*REQUIRED WORK:* Copy, word for word, the lines of the entries below between the one with "The mockup image" and the one with "Kanikama spicy, queso", inclusive, and leave out everything else.

*MATERIAL TO PROCESS:*
--- START ---
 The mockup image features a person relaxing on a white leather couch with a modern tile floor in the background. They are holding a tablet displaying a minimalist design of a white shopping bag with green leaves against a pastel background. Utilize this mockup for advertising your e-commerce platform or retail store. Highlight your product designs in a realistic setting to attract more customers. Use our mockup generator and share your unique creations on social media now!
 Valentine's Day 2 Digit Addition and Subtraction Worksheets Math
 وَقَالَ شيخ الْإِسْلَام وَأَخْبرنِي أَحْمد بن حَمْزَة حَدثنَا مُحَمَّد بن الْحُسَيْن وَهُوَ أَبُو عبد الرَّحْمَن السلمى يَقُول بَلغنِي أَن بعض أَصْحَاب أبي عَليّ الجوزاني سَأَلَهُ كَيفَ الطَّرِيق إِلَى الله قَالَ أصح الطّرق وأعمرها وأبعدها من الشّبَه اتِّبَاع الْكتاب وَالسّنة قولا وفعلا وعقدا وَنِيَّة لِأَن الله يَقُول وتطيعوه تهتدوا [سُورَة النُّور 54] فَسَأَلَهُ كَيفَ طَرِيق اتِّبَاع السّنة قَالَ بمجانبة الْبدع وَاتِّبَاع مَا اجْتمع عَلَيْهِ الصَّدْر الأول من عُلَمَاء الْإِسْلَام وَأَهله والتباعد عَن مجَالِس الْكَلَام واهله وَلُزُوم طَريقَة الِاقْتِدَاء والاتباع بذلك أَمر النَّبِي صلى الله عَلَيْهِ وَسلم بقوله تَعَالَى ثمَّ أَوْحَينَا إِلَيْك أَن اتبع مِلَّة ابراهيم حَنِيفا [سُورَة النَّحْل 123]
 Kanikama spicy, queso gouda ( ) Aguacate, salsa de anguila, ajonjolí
--- END ---
--- START ---
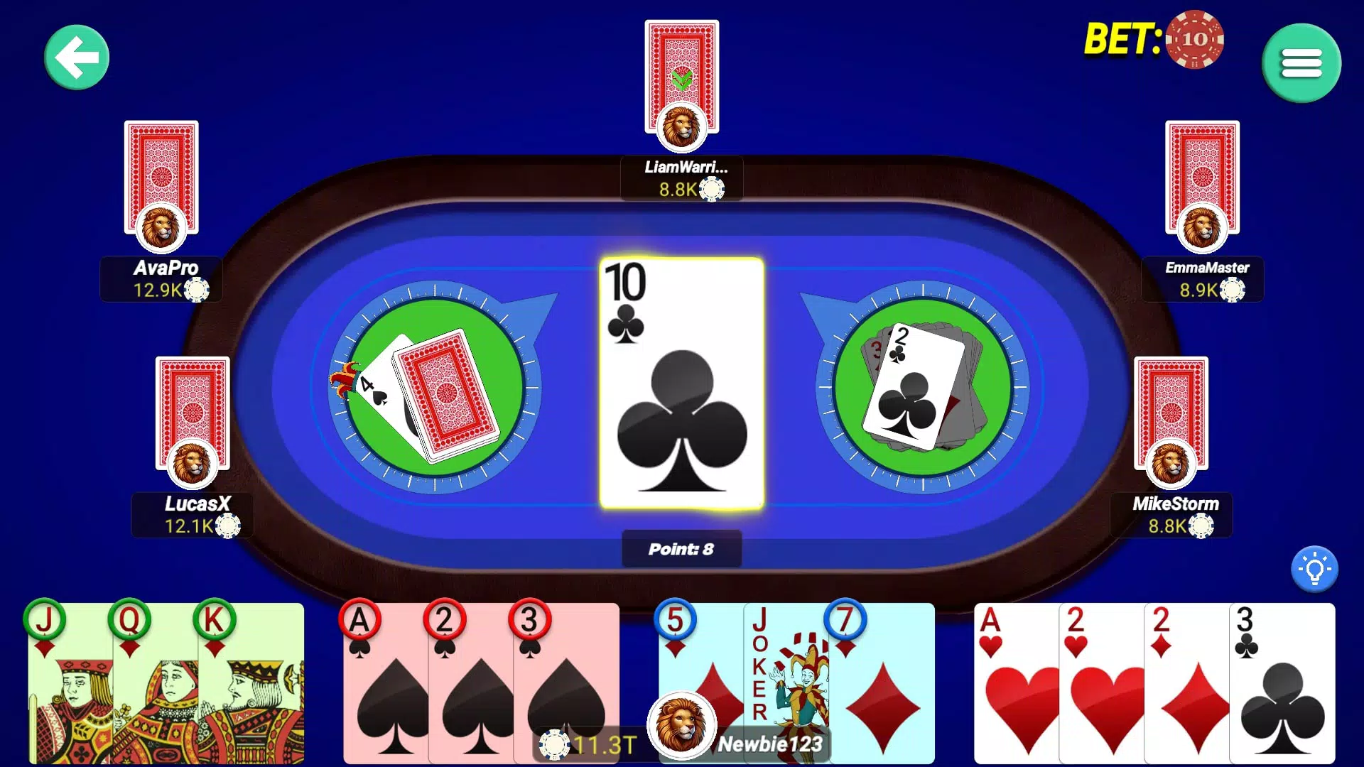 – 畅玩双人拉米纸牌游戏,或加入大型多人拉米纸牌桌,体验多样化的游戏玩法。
--- END ---
*RESPONSE AREA:*
 The mockup image features a person relaxing on a white leather couch with a modern tile floor in the background. They are holding a tablet displaying a minimalist design of a white shopping bag with green leaves against a pastel background. Utilize this mockup for advertising your e-commerce platform or retail store. Highlight your product designs in a realistic setting to attract more customers. Use our mockup generator and share your unique creations on social media now!
 Valentine's Day 2 Digit Addition and Subtraction Worksheets Math
 وَقَالَ شيخ الْإِسْلَام وَأَخْبرنِي أَحْمد بن حَمْزَة حَدثنَا مُحَمَّد بن الْحُسَيْن وَهُوَ أَبُو عبد الرَّحْمَن السلمى يَقُول بَلغنِي أَن بعض أَصْحَاب أبي عَليّ الجوزاني سَأَلَهُ كَيفَ الطَّرِيق إِلَى الله قَالَ أصح الطّرق وأعمرها وأبعدها من الشّبَه اتِّبَاع الْكتاب وَالسّنة قولا وفعلا وعقدا وَنِيَّة لِأَن الله يَقُول وتطيعوه تهتدوا [سُورَة النُّور 54] فَسَأَلَهُ كَيفَ طَرِيق اتِّبَاع السّنة قَالَ بمجانبة الْبدع وَاتِّبَاع مَا اجْتمع عَلَيْهِ الصَّدْر الأول من عُلَمَاء الْإِسْلَام وَأَهله والتباعد عَن مجَالِس الْكَلَام واهله وَلُزُوم طَريقَة الِاقْتِدَاء والاتباع بذلك أَمر النَّبِي صلى الله عَلَيْهِ وَسلم بقوله تَعَالَى ثمَّ أَوْحَينَا إِلَيْك أَن اتبع مِلَّة ابراهيم حَنِيفا [سُورَة النَّحْل 123]
 Kanikama spicy, queso gouda ( ) Aguacate, salsa de anguila, ajonjolí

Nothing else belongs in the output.